The above docker-compose mounts the host file system read only (ro) into the container as /scandir
The resource/docker_batman.yaml file contains an example set of entities to scan from the /scandir
logPath: /var/log/batman.log
email_server_host: localhost
email_server_port: 25
email_from_address: scanner@mydomain.com
report_on_success: false
report_to: failed.scan@mydomain.com
file_integrity:
scan_byte_limit: 25000000
db_path: /batman/data/hive
# List of file system entities (directories and/or files) that are to be included in the baseline
entities:
- /scandir/
# List of file system entities (files or directories) that are to be excluded from the baseline.
# These entities must be children of one of the directories
# listed in the entities section.
exclusions:
- /scandir/dev
- /scandir/sys
- /scandir/proc
- /scandir/tmp
- /scandir/run
- /scandir/home
...
Customising batman.yaml #
Batman will install a default batman.yaml into /etc/batman/batman.yaml.
The default rules provide a reasonable set of entities for running a baseline/integrity scan however the rules for log scanning need to be customized.
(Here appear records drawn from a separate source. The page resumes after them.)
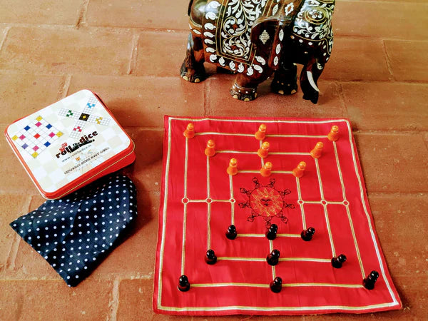 Experience the thrill and excitement of Navakankari like never before with Roll the Dice's Nine Men's Morris game board set. Order now and get ready to roll the dice!
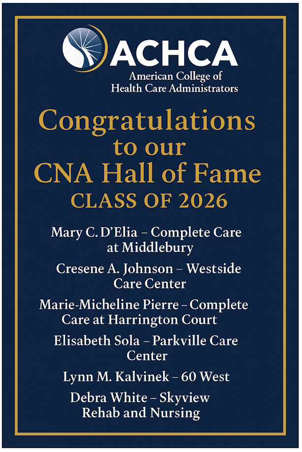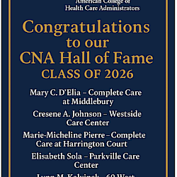 The CNA Hall of Fame, celebrated annually as part of the ACHCA’s educational programming, honors frontline caregivers who exemplify excellence in long term care through longevity, leadership, and an unwavering commitment to residents.
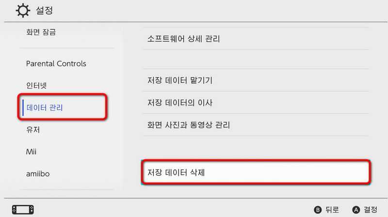 - 닌텐도 홈 화면에서 [설정]으로 들어간 뒤 [데이터 관리]를 선택합니다. 데이터 관리에서 [저장 데이터 삭제]를 선택합니다.
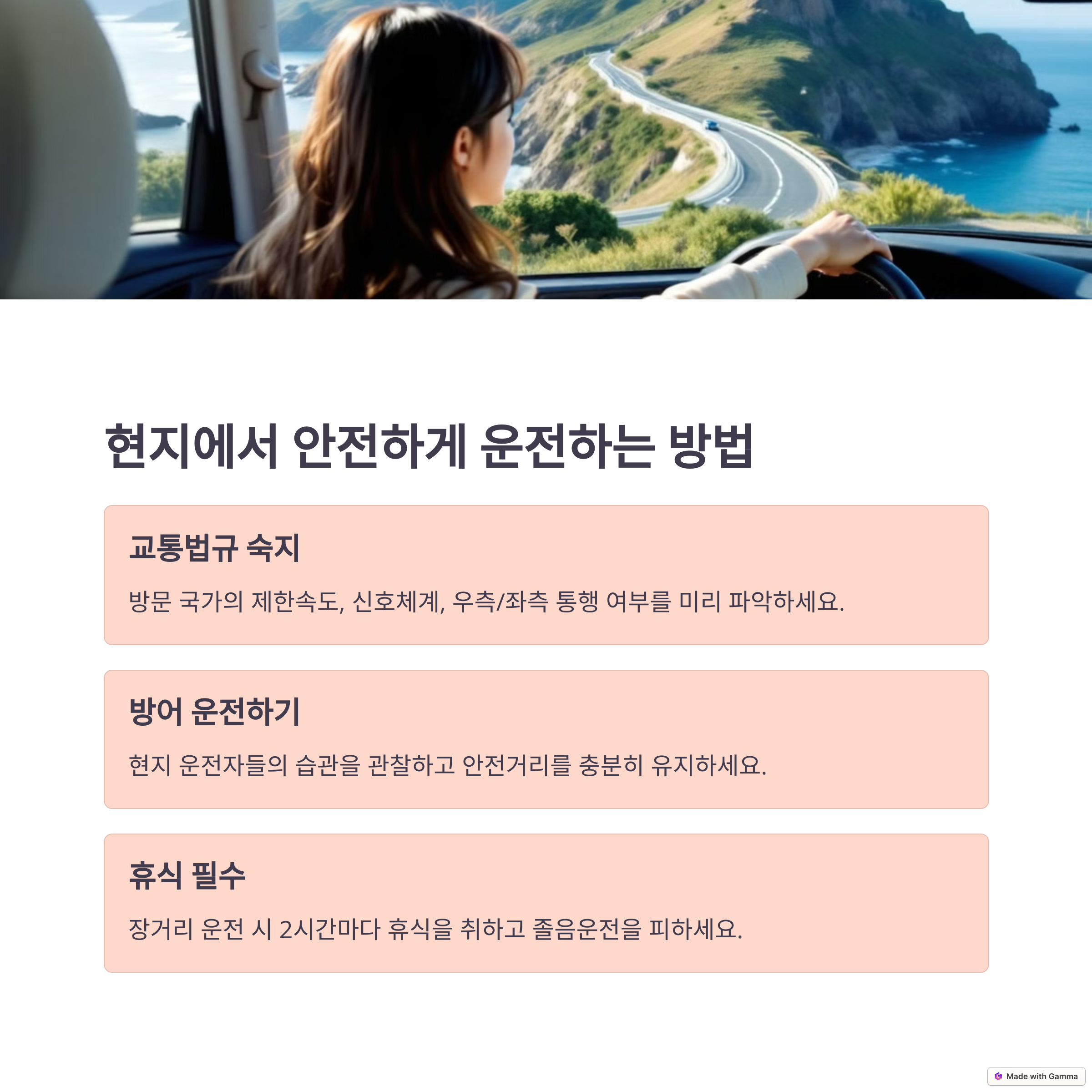 사전 준비가 제대로 되어 있으면 해외에서도 편안하고 안전하게 운전할 수 있습니다. 🚗

If you need to customize the rules then you either need to build your own docker image with your own rules or you need to have the docker container mount a host volume so your rules are editable from the host and persisted.
The first time the Batman Docker container runs it will look for the batman.yaml file in /etc/batman/batman.yaml. If it doesn't exists then it will create a default batman.yaml file.
To customize the rules you need to mount a host volume into /etc/batman. Using docker-compose:
version: '3.1'
volumes:
batman: null
services:
batman:
container_name: batman
image: noojee/batman:latest
restart: on-failure
environment:
TZ: ${TZ:-Australia/Melbourne}
volumes:
- batman/hive:/data/hive
- batman/etc:/etc/batman
- /:/scandir:ro
logging:
driver: "local"
You can now edit the batman.yaml on the docker volume batman/etc/batman/batman.yaml
.
You need to restart the docker container for the changes to take affect.